GOAL OF THE EXERCISE -
Each line starting at the one that contains "We present a" and ending at the one that contains "大方的體重持續上升,所以今日" must be returned exactly, and the rest of the listing is left out.

TASK INPUT -
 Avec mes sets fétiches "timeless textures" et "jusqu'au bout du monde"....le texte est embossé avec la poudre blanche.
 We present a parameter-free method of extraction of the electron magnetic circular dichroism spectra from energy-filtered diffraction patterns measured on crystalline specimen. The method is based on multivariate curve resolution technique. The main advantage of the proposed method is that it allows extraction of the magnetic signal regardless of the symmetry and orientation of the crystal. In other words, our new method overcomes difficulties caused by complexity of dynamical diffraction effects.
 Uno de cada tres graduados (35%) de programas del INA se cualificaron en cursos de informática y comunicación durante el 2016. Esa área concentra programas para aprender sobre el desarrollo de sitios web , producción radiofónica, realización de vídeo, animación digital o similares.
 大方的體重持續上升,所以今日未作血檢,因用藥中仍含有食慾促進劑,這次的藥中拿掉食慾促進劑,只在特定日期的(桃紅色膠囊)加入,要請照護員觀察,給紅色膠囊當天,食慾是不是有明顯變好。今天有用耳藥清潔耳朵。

* * *

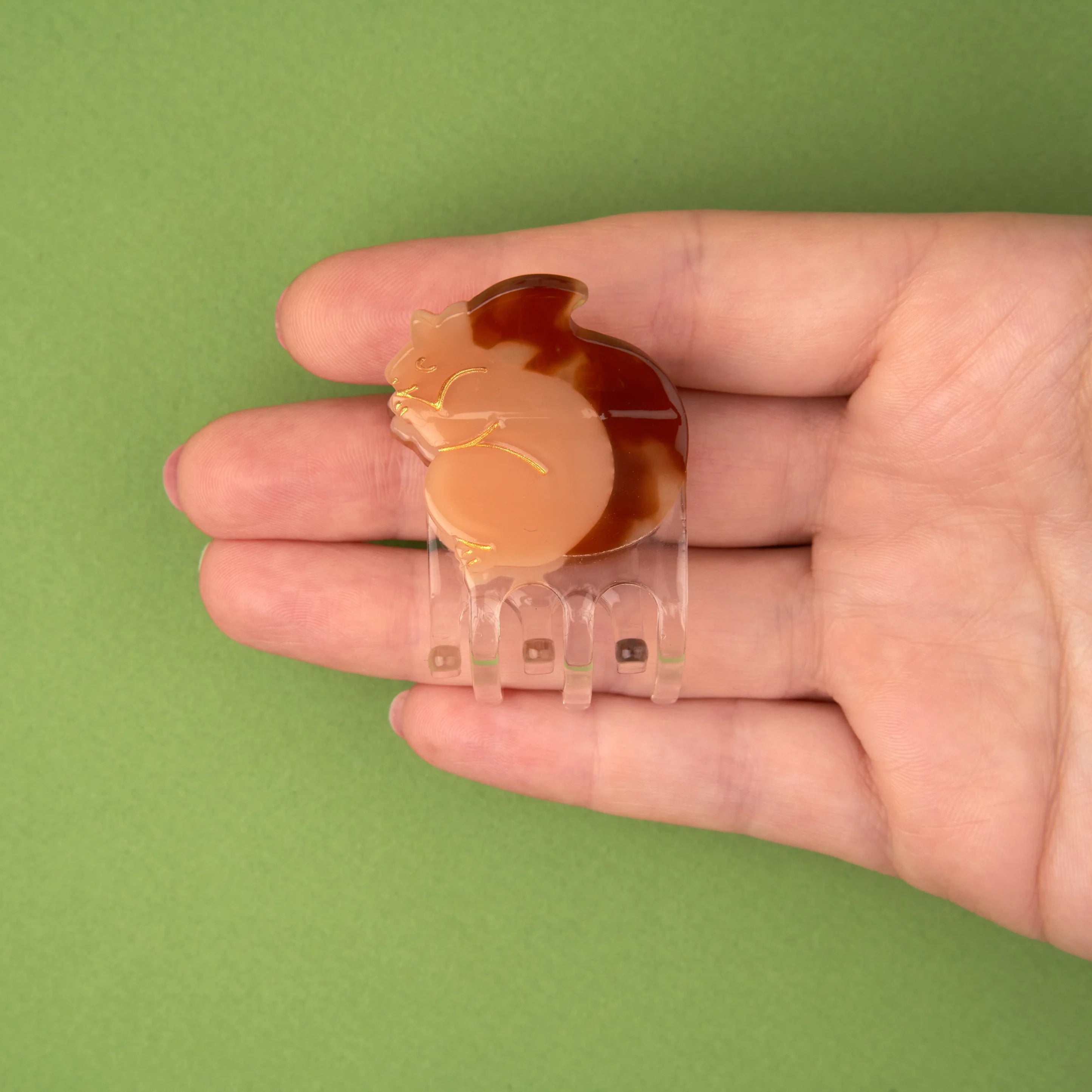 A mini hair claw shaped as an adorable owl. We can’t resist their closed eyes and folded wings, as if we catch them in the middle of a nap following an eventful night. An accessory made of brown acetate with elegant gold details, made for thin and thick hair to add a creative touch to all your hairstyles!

...

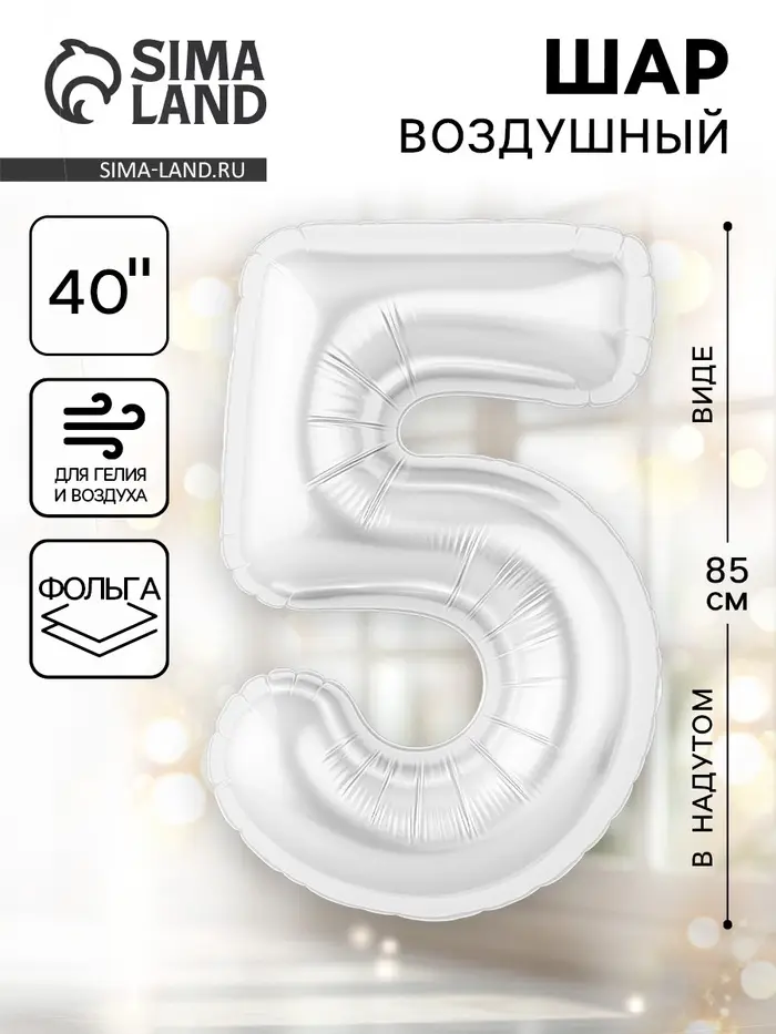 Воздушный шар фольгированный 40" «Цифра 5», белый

FINISHED TASK -
 We present a parameter-free method of extraction of the electron magnetic circular dichroism spectra from energy-filtered diffraction patterns measured on crystalline specimen. The method is based on multivariate curve resolution technique. The main advantage of the proposed method is that it allows extraction of the magnetic signal regardless of the symmetry and orientation of the crystal. In other words, our new method overcomes difficulties caused by complexity of dynamical diffraction effects.
 Uno de cada tres graduados (35%) de programas del INA se cualificaron en cursos de informática y comunicación durante el 2016. Esa área concentra programas para aprender sobre el desarrollo de sitios web , producción radiofónica, realización de vídeo, animación digital o similares.
 大方的體重持續上升,所以今日未作血檢,因用藥中仍含有食慾促進劑,這次的藥中拿掉食慾促進劑,只在特定日期的(桃紅色膠囊)加入,要請照護員觀察,給紅色膠囊當天,食慾是不是有明顯變好。今天有用耳藥清潔耳朵。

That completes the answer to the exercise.